* [EXERCISE OBJECTIVE] Copy out exactly the lines spanning the line with "可伸縮型柱塞,拉環(huán)型" to the line with "clear, Eco-Takeout's®, NSF", inclusive, from the data underneath, with no pictures.

* [DATA FOR REVIEW]
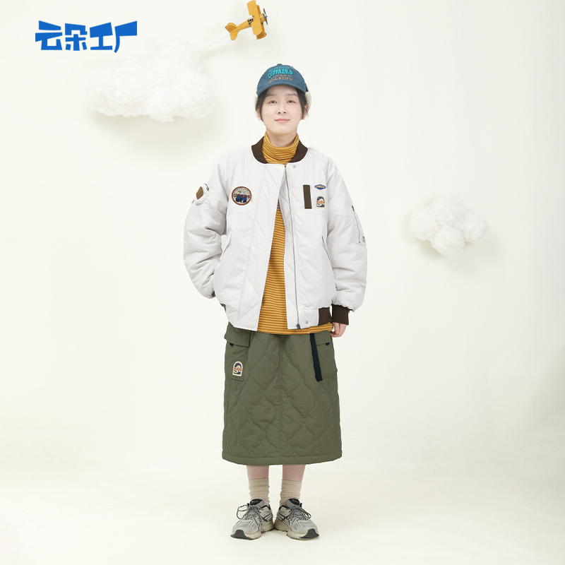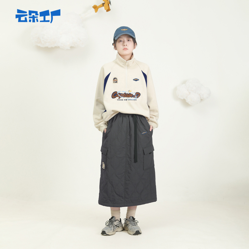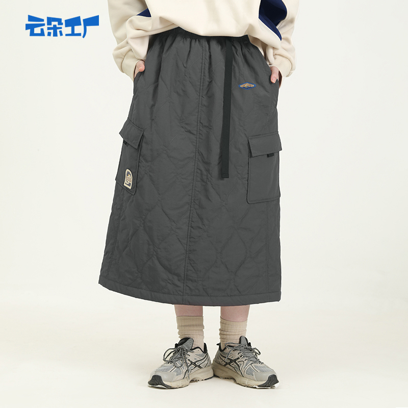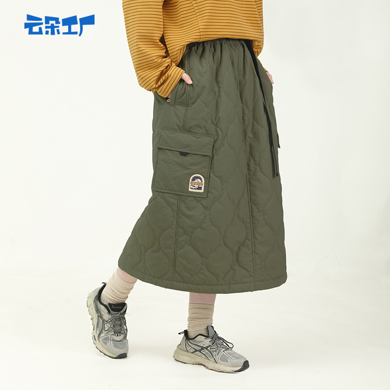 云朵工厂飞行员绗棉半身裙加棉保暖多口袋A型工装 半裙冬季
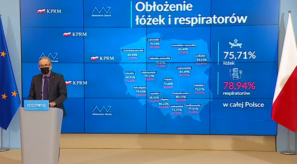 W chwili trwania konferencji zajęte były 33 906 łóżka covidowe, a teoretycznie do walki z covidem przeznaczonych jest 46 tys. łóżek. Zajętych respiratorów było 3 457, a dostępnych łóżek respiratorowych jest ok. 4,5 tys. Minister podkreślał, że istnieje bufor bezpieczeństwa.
---
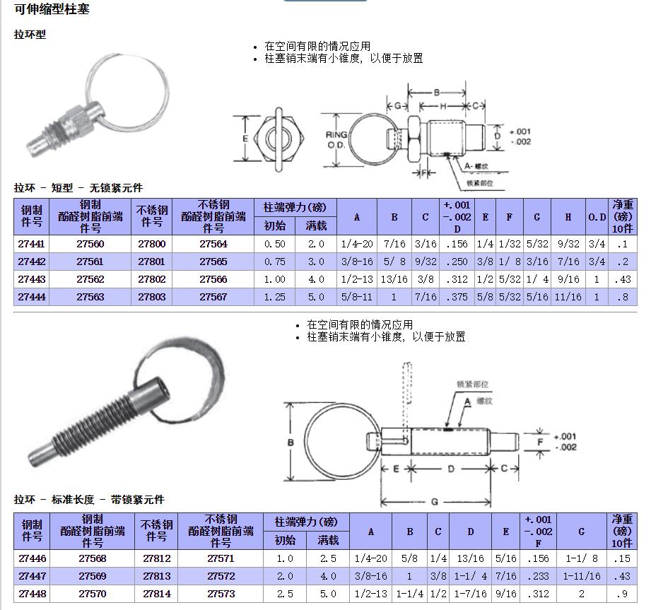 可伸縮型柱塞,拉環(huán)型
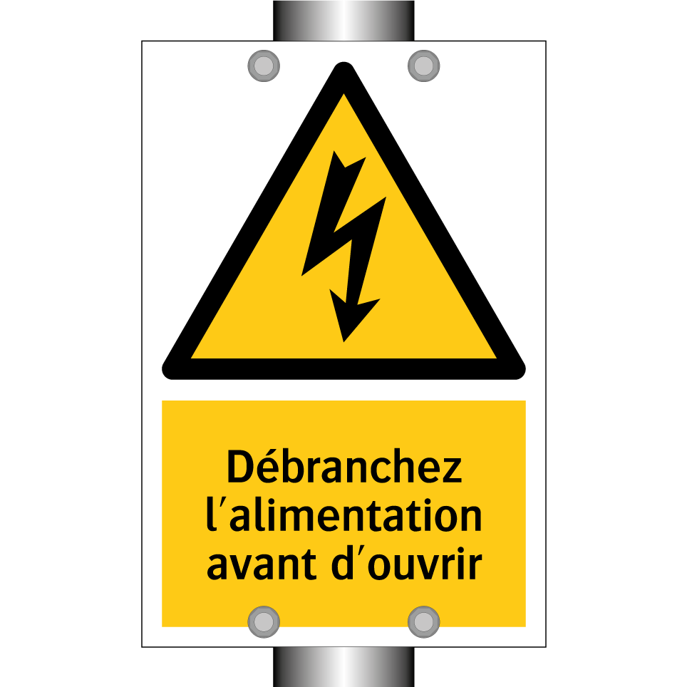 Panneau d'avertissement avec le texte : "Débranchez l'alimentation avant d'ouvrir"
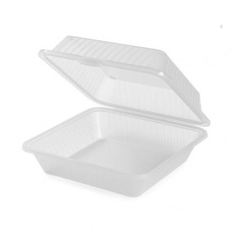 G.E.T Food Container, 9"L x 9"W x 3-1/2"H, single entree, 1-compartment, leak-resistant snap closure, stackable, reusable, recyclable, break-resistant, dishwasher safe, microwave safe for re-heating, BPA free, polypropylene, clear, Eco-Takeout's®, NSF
==
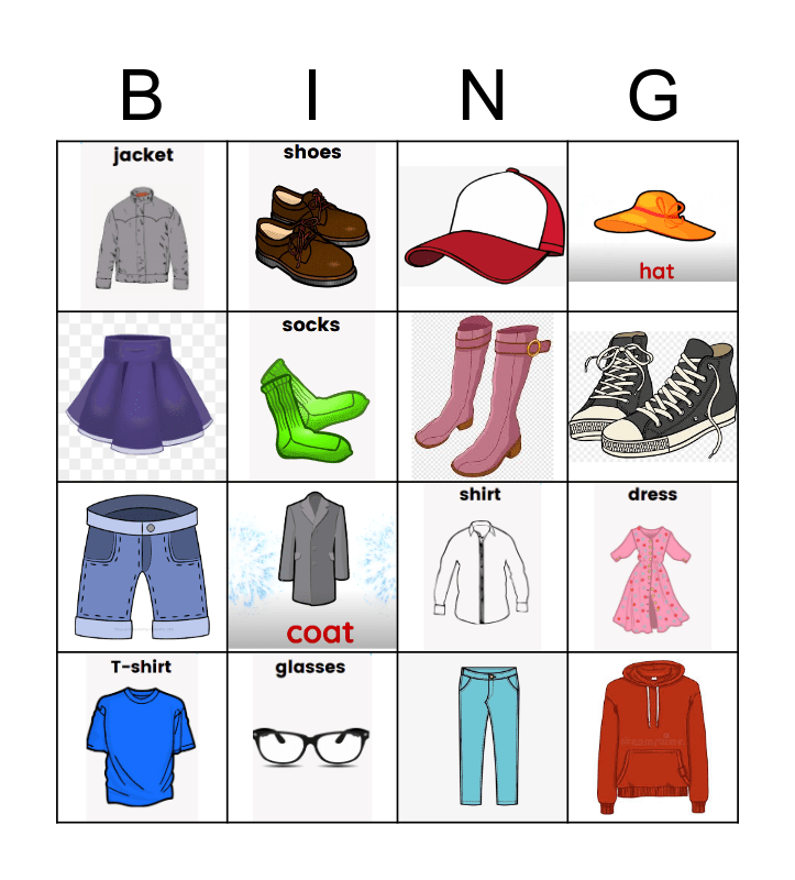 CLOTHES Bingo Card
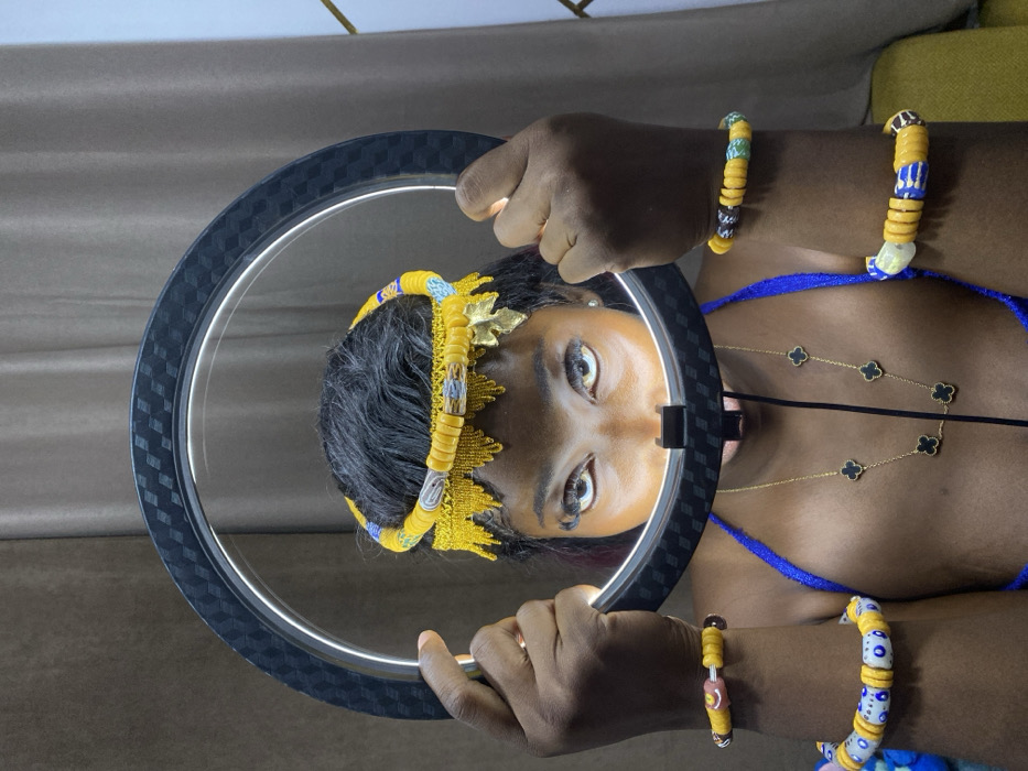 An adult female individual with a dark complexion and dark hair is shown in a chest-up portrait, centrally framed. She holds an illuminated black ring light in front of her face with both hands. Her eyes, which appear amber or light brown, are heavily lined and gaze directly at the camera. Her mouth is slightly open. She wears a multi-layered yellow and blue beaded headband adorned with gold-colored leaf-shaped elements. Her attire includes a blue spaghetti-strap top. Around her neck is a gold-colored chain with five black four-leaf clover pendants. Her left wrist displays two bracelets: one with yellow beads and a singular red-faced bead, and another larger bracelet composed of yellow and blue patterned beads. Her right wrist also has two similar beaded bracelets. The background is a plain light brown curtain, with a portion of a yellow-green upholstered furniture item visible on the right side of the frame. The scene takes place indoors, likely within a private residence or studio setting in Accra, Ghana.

* [SOLUTION TO THIS TASK]
 可伸縮型柱塞,拉環(huán)型
 Panneau d'avertissement avec le texte : "Débranchez l'alimentation avant d'ouvrir"
 G.E.T Food Container, 9"L x 9"W x 3-1/2"H, single entree, 1-compartment, leak-resistant snap closure, stackable, reusable, recyclable, break-resistant, dishwasher safe, microwave safe for re-heating, BPA free, polypropylene, clear, Eco-Takeout's®, NSF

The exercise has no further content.